::: Data section :::

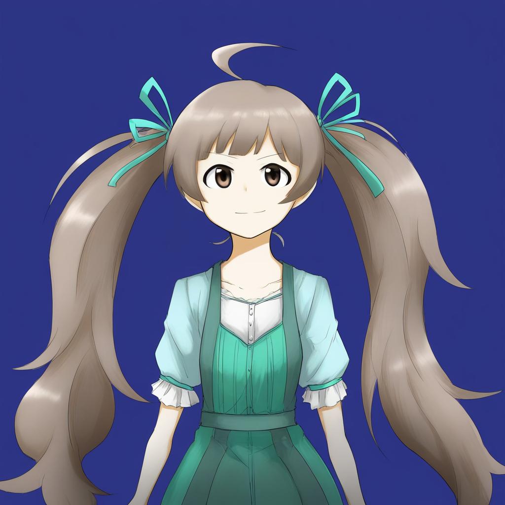 Digital illustration of a young anime girl with very long brown twintails tied with blue ribbons, brown eyes, and an ahoge hairstyle feature. She is wearing a light blue sleeveless dress with ruffles and lace details, posed against a soft gradient background.
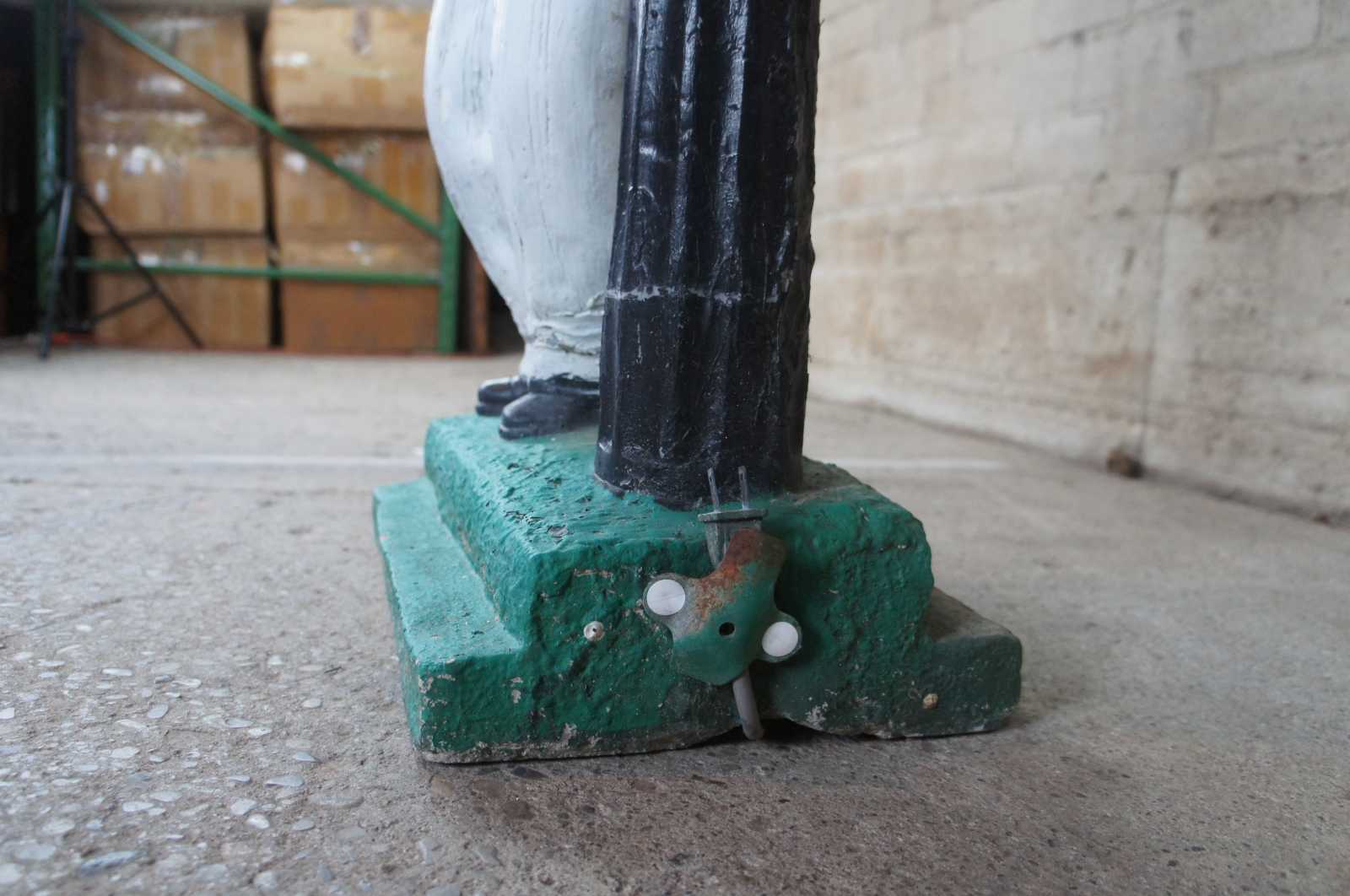 Mid 20th century Charlie Chaplin electrified concrete post light. Great for indoor or outdoor use. Features Charlie dressed in white and black with red scarf and top hat. He is leaning against a street light holding a bottle marked Tea. Wiring and lighting are all intact.
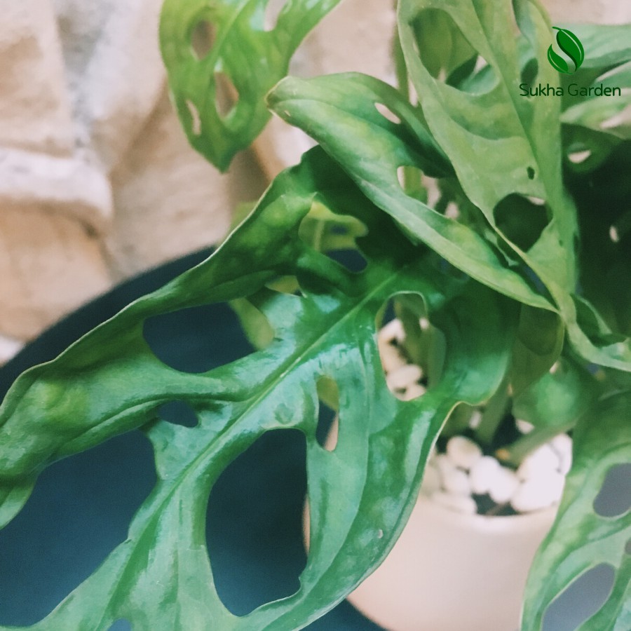 Nhà cửa & Đời sống > Làm vườn > Cây cảnh || Cây Trầu Bà Lỗ Monstera adansonii để bàn kèm Chậu gốm tráng menCòn hàng

:::

### Description of the task
Would you return the data exactly as written, without the pictures?

### Solved exercise
 Digital illustration of a young anime girl with very long brown twintails tied with blue ribbons, brown eyes, and an ahoge hairstyle feature. She is wearing a light blue sleeveless dress with ruffles and lace details, posed against a soft gradient background.
 Mid 20th century Charlie Chaplin electrified concrete post light. Great for indoor or outdoor use. Features Charlie dressed in white and black with red scarf and top hat. He is leaning against a street light holding a bottle marked Tea. Wiring and lighting are all intact.
 Nhà cửa & Đời sống > Làm vườn > Cây cảnh || Cây Trầu Bà Lỗ Monstera adansonii để bàn kèm Chậu gốm tráng menCòn hàng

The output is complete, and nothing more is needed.